Brussels – Onward with the enlargement and inclusion of the Western Balkan countries. The European Commission is ready to approve plans for the economic growth of the region’s states “this week,” announced the president of the EU executive, Ursula von der Leyen, at the end of the meeting of the Berlin process, the forum created in 2014 to increase cooperation with the area’s candidate countries. A decision that “partially opens the doors” to the EU by allowing access to the European single market.
Greater economic integration before political integration is what the EU offers five of the six Western Balkan countries. Albania, Montenegro, North Macedonia, Serbia, and Kosovo are set to receive the aid they need to increase their trade and boost their economies. A stimulus to the reform agenda and an award for those “tangible advances” that von der Leyen intends to reward. However, the German wants to be clear—this is not a paradigm shift: “Accession remains a merit-based process, and it will remain so.”

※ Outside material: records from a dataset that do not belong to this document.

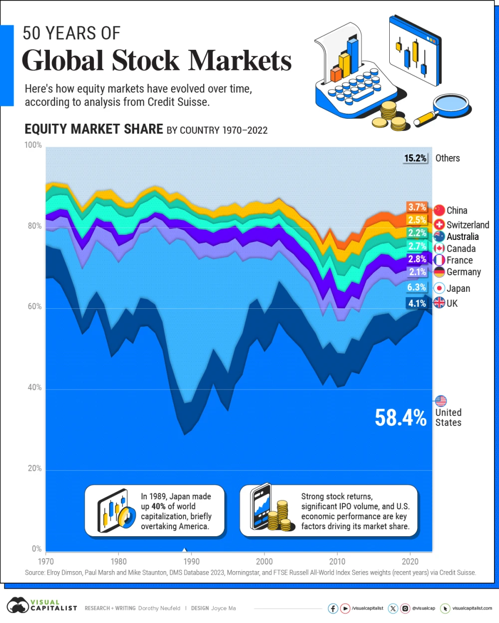 ๊ฐ ๊ธ๋ก๋ฒ ์ฃผ์ ์์ฅ์ ๊ท๋ชจ๋ ์ด๋ ์๊น์? VISUAL CAPITALIST๊ฐ Credit Suisse์ ์๋ฃ๋ฅผ ๋ฐํ์ผ๋ก 1970๋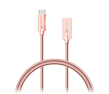 Kabel USB-C (Type C) -> USB-A v unikátním designu s flexibilním prémiovým opletem z vysoce kvalitní nerezové oceli SAE304 a podporou proudového toku 2,1 A pro rychlé nabíjení a přenos dat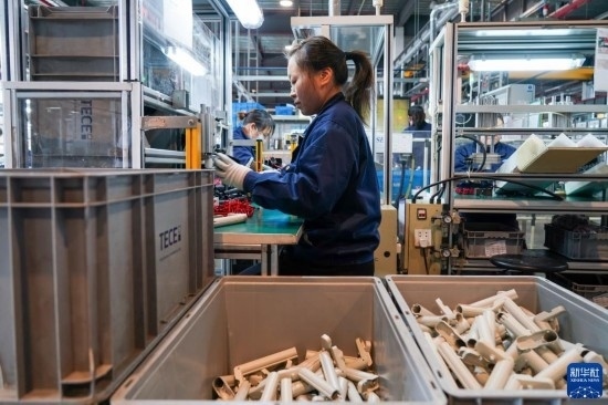 工人在位于太倉市高新區(qū)的帝希潔具系統(tǒng)(蘇州)有限公司生產車間內進行加工作業(yè)(3月16日攝)。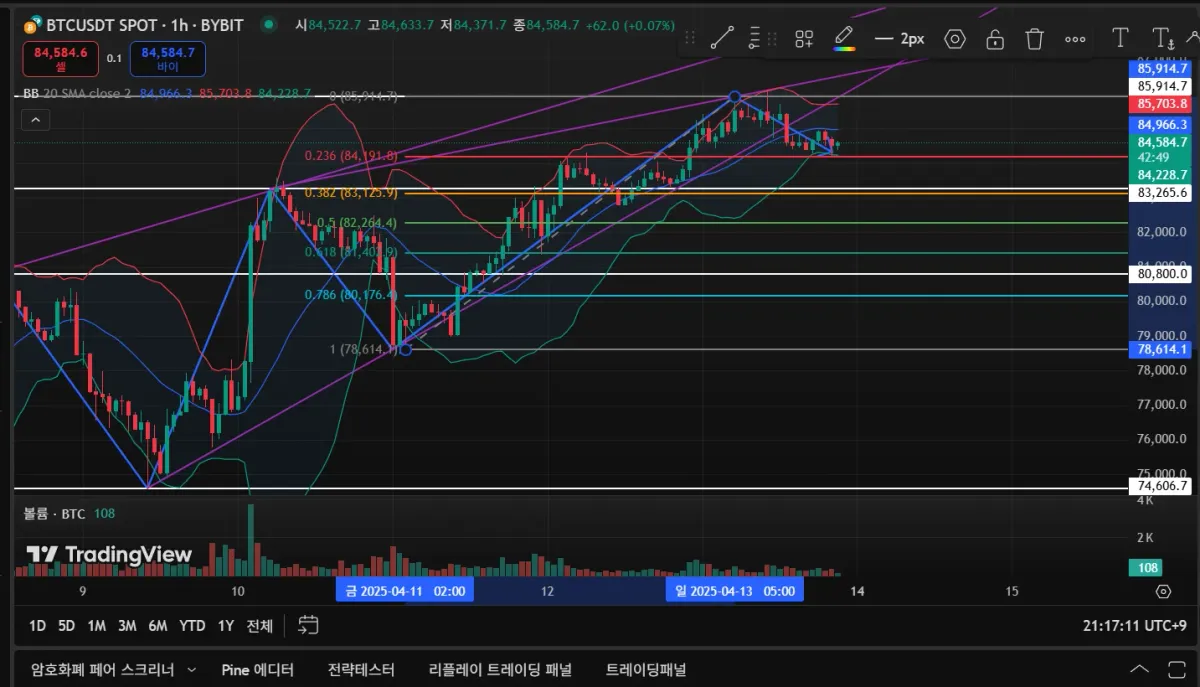 - 트레이딩뷰 결과로 추세선 이탈로 하방을 예측을 했었습니다.
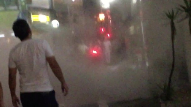 综合多名目击者的说法,当庆典中的森巴队伍经过之后,队伍后方的4至5米处,就有白烟和火舌冒起。其时有人看见有筒状物从附近建筑物的3楼处扔下来,初时以为是庆典装饰用的灯笼,后来才知是有燃烧瓶掉下,大人和小孩都纷纷避开。有人的衣服和鞋子着火,救护车和消防车随后到场,场面非常混乱。
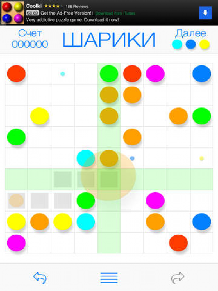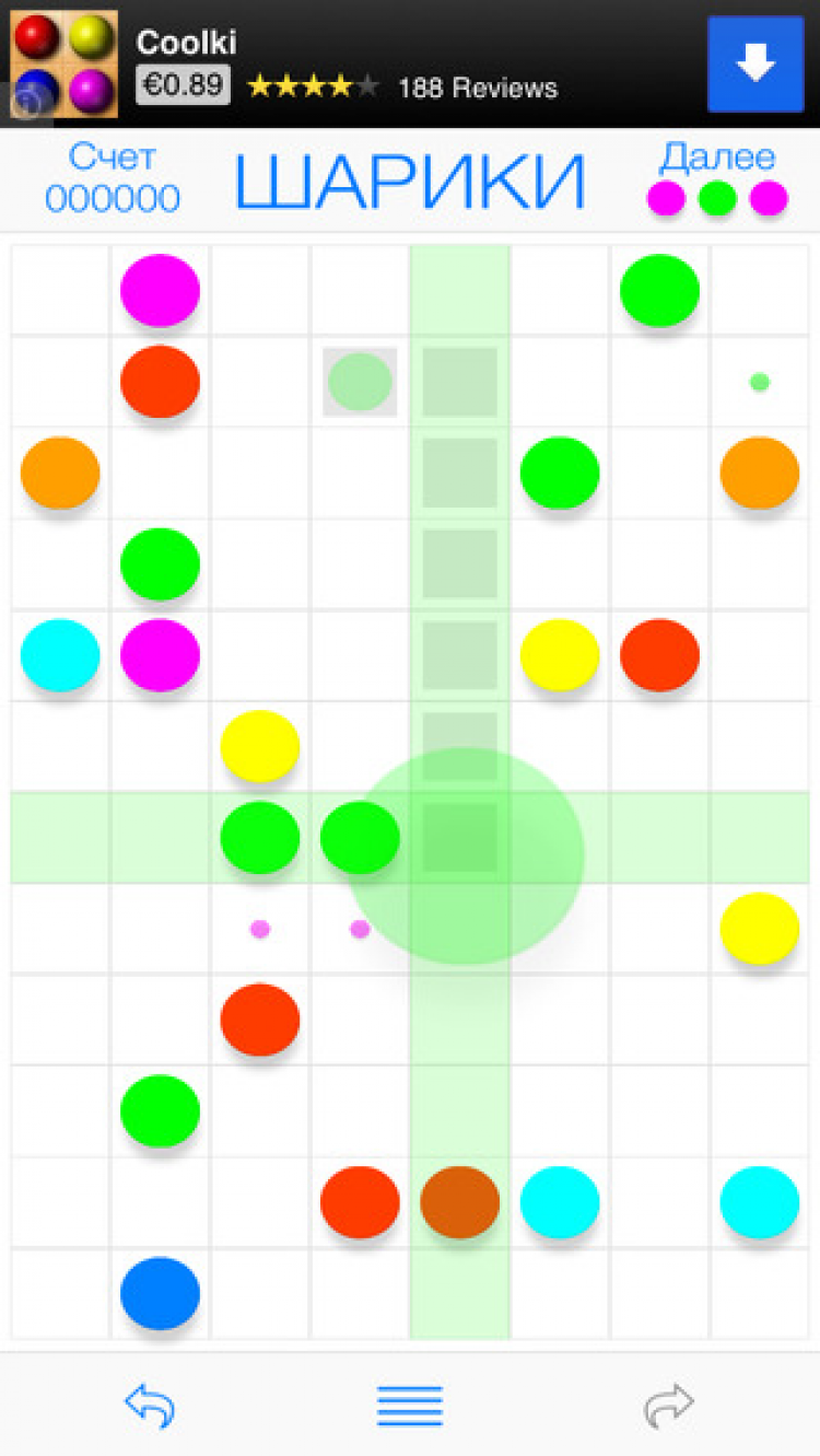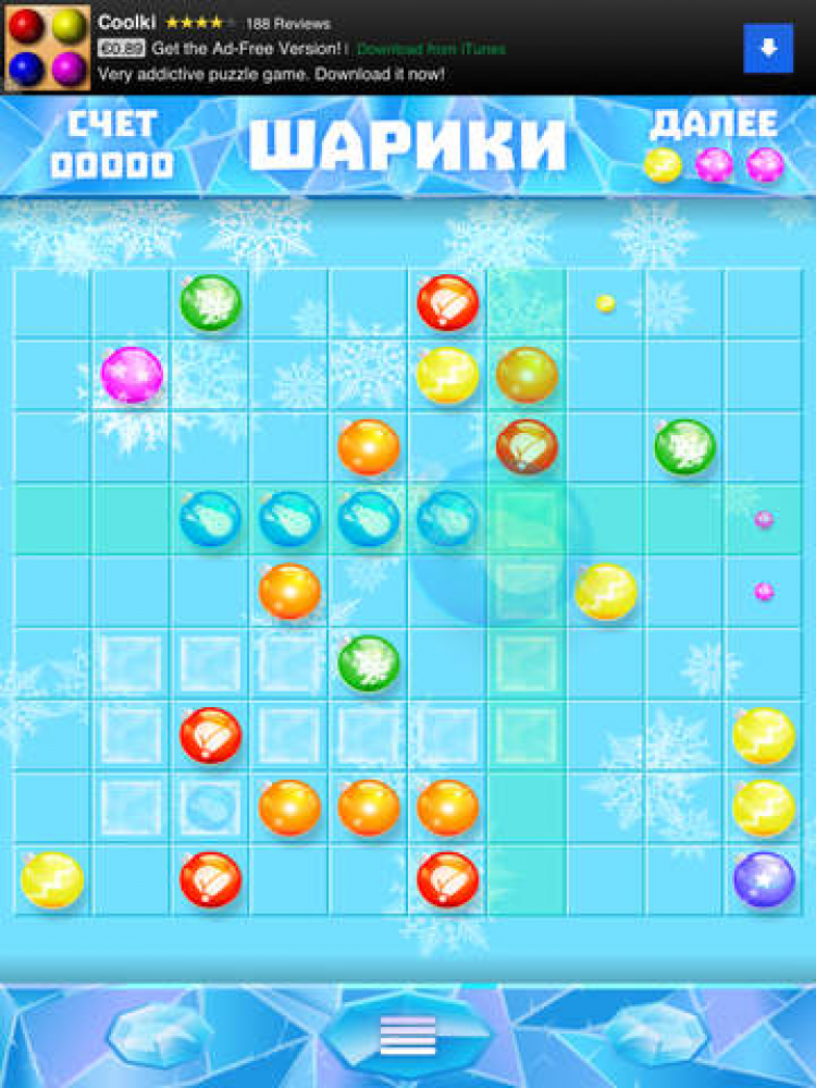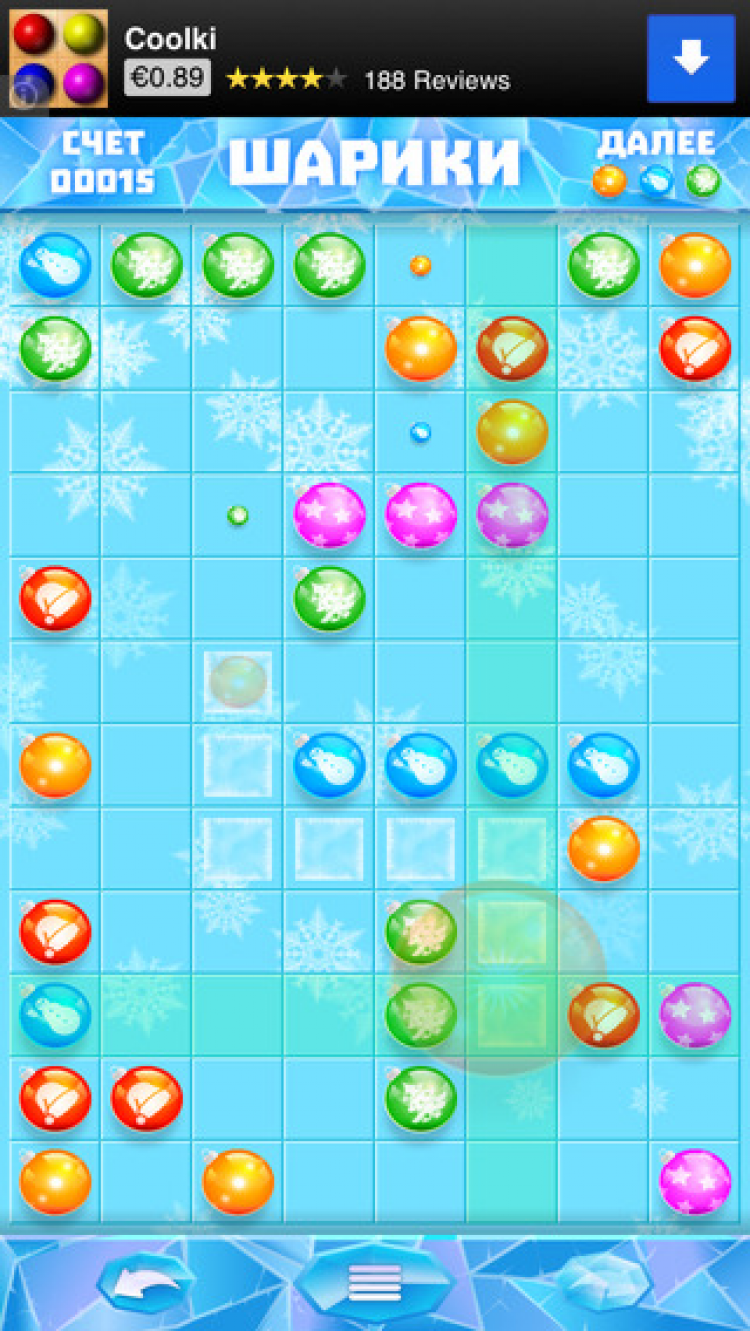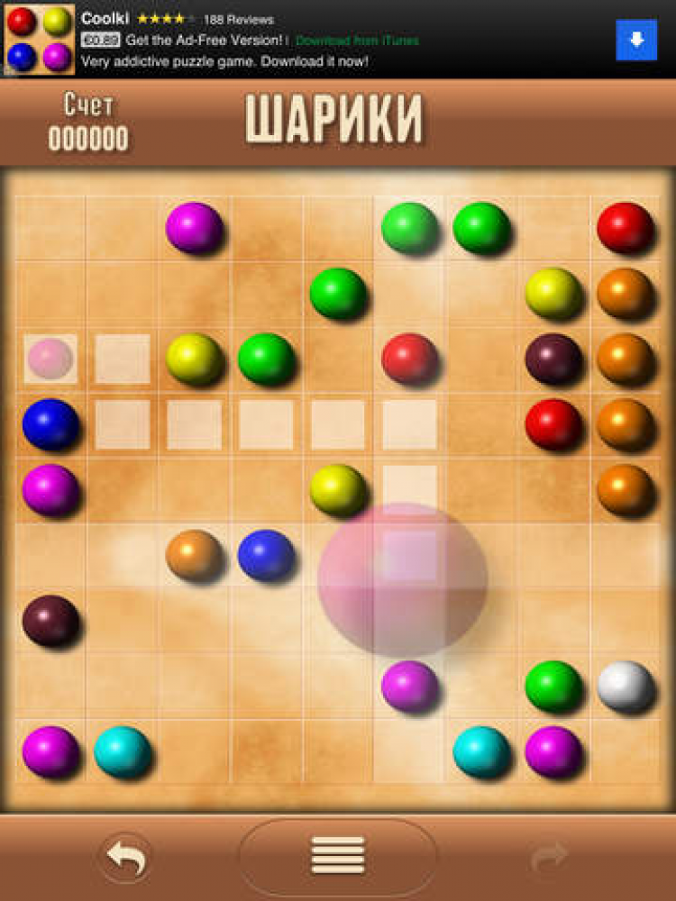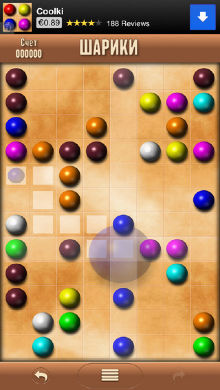 Шарики Занимательная и несложная игра-головоломка. Цель игры - набрать максимальное количество очков. Для этого необходимо перемещать по доске шары и формировать ряды шаров одного цвета. Ряды из пяти и более шаров удаляются с доски, а за каждый удаленный шар начисляется одно очко.

The decision to allow the Western Balkan states to join the single market is part of the broader strategy encapsulated in the region’s new growth plan. A total of six billion euros were made available in parallel with the publication of the EU Enlargement Package 2023. The von der Leyen team intended to begin disbursing the resources needed for alignment to the twelve-star free trade area before summer. Von der Leyen’s announcement is late compared to the expectations and promises made.
The opening brings the Western Balkan region closer to Europe, with the clear intent to be a political message to Russian President Vladimir Putin. “We saw that enlargement for years was no longer high on the agenda,” von der Leyen recalls. “That changed, especially after Russia’s war in Ukraine, with the choice of countries that decided to be on the right side of history, for democracy and respect for the order based on international law.”